A plausible mechanism for the pTSA catalyzed formation of 12-aryl-8,9,10,12-tetrahydrobenzo[a]xanthen-11-one derivatives is proposed in Scheme 99.

3. Conclusions

In this review, versatile applications of p-toluenesulfonic acid in various organic reactions for synthesizing useful building blocks, heterocyclic compounds, polymers and supra molecules have been depicted. Several new synthetic approaches have been discussed for functional group transformations, photoactive materials synthesis, multicomponent reactions (MCRs) for bioactive molecule synthesis, liquid-crystalline and light-emitting materials synthesis, cyclization reaction, substitution and condensation reaction, Michael type addition reaction, tandem reaction, rearrangement reaction, transition metal catalysed reaction, privileged heterocycles and radio-labelled compound synthesis, photochemical reaction, cycloaddition reaction and Cross-Dehydrogenative Coupling (CDC). This review also demonstrates the potential of polystyrene, zeolite and silica supported p-toluenesulfonic acid in different organic reactions. We have also described the use of PTSA in environmentally benign ionic liquids for different organic transformations. PTSA promoted synthesis has produced structures with interesting properties. The summary of the synthesis and useful features will be helpful to researchers working in the fields of chemical, biological and materials sciences.
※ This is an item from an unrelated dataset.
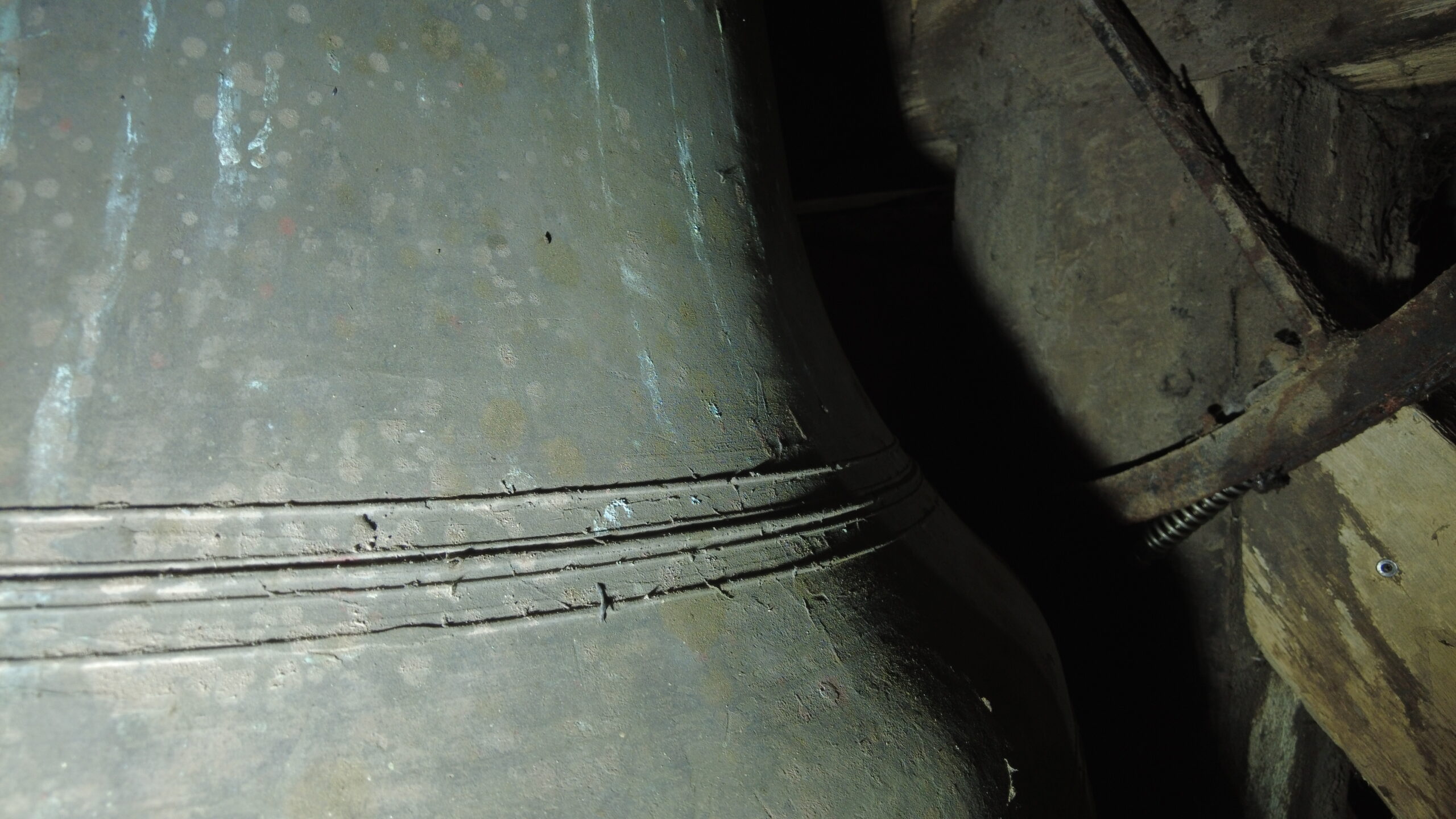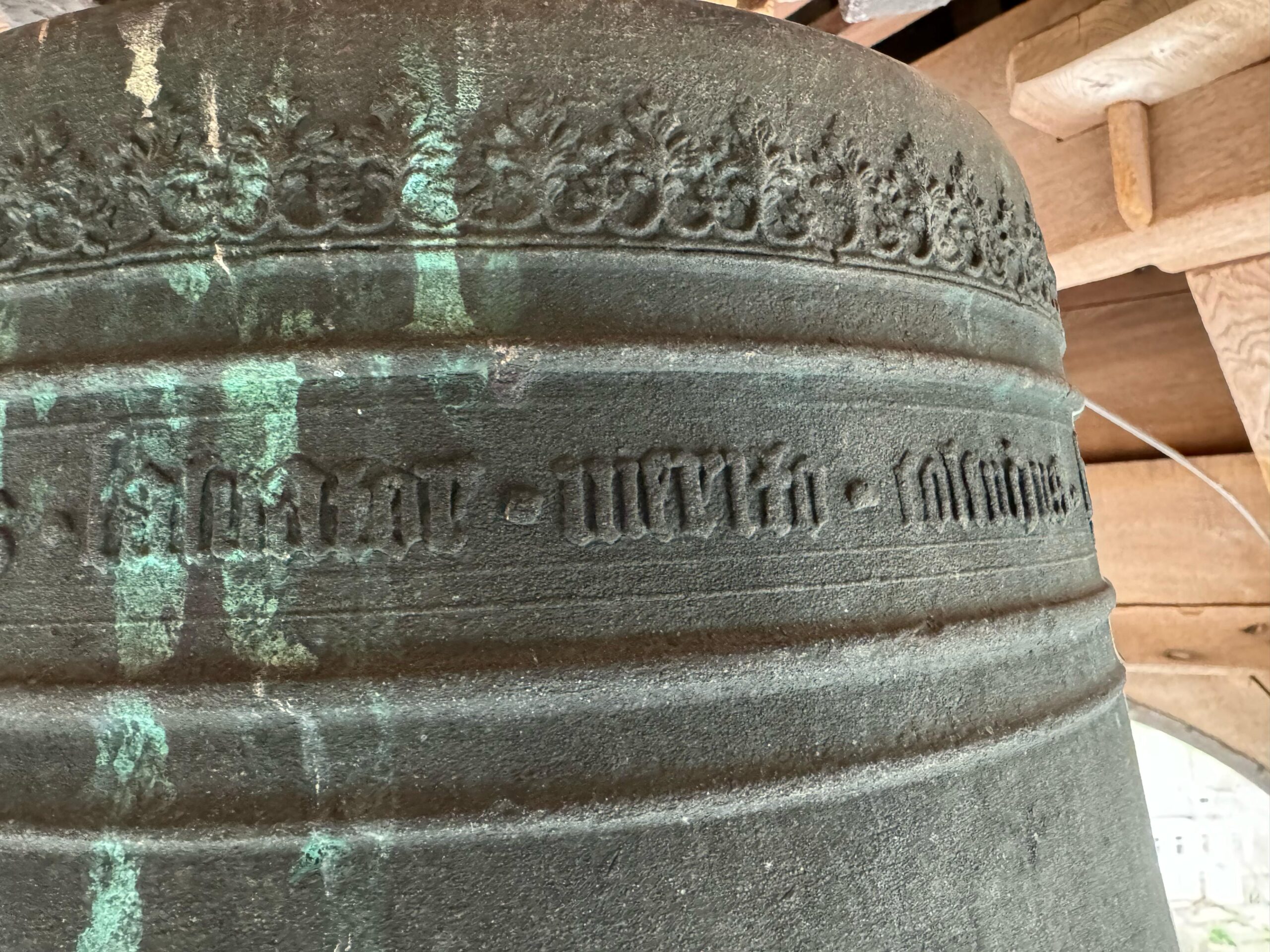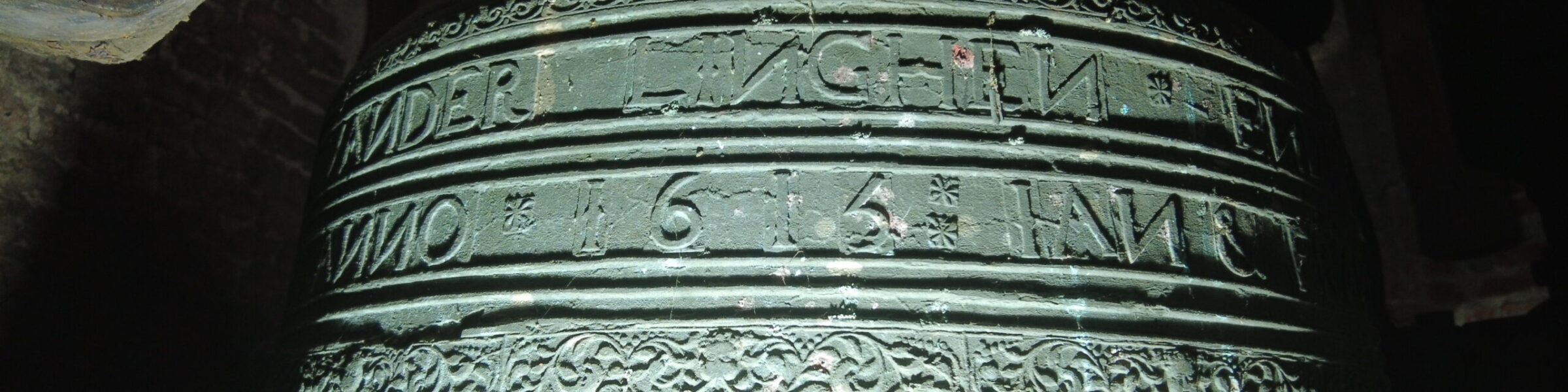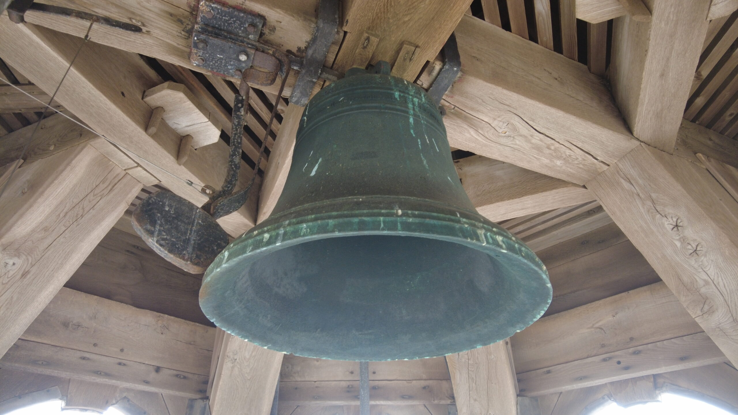 Twee grote klokken uit 1615 en 1965 dienen als luidklok. De kleine klok uit 1520 in de koepel slaat de halve uren.

We present several reactions here exemplifying the multiple roles of PTSA. Since the discovery, great progress has been made regarding the use of PTSA in synthetic organic transformations. In conclusion, the advances in synthetic methodology using PTSA and a better understanding of the reaction mechanisms have been very significant. Therefore, we expect that this review will encourage more organic chemists to continue investing their creative strength in the discovery of new reactions using this environmentally benign solid organic acid with novel mechanisms.

Supplementary Materials

The following supporting information can be downloaded at the website of this paper posted on Preprints.org.

Author Contributions

Conceptualization, Pradip Bhowmik; Software, Pradip Bhowmik; Supervision, Pradip Bhowmik; Writing – original draft, Biplab Banerjee and Haesook Han; Writing – review & editing, Biplab Banerjee, Haesook Han and Pradip Bhowmik.

Funding

This work is in part supported by the NSF under Grant No. 0447416 (NSF EPSCoR RING-TRUE III), NSF-Small Business Innovation Research (SBIR) Award (Grant OII-0610753), NSF-STTR Phase I IIP-0740289, and NASA GRC Contract No. NNX10CD25P. Financial support is also provided by University Grants Commission, New Delhi through Grant No.F.4−5/2018(FRP-Start-up-grant)(Cycle-IV)(BSR) and by SERB-DST, New Delhi through Grant No. CRG/2020/003773. .

Acknowledgments

P.K.B. and H.H. thank the University of Nevada Las Vegas for the support of this research. B.B thank the Vice Chancellor of Central University of Punjab, Bathinda, for providing necessary facilities for this work.

Conflicts of Interest

The authors declare no conflict of interest.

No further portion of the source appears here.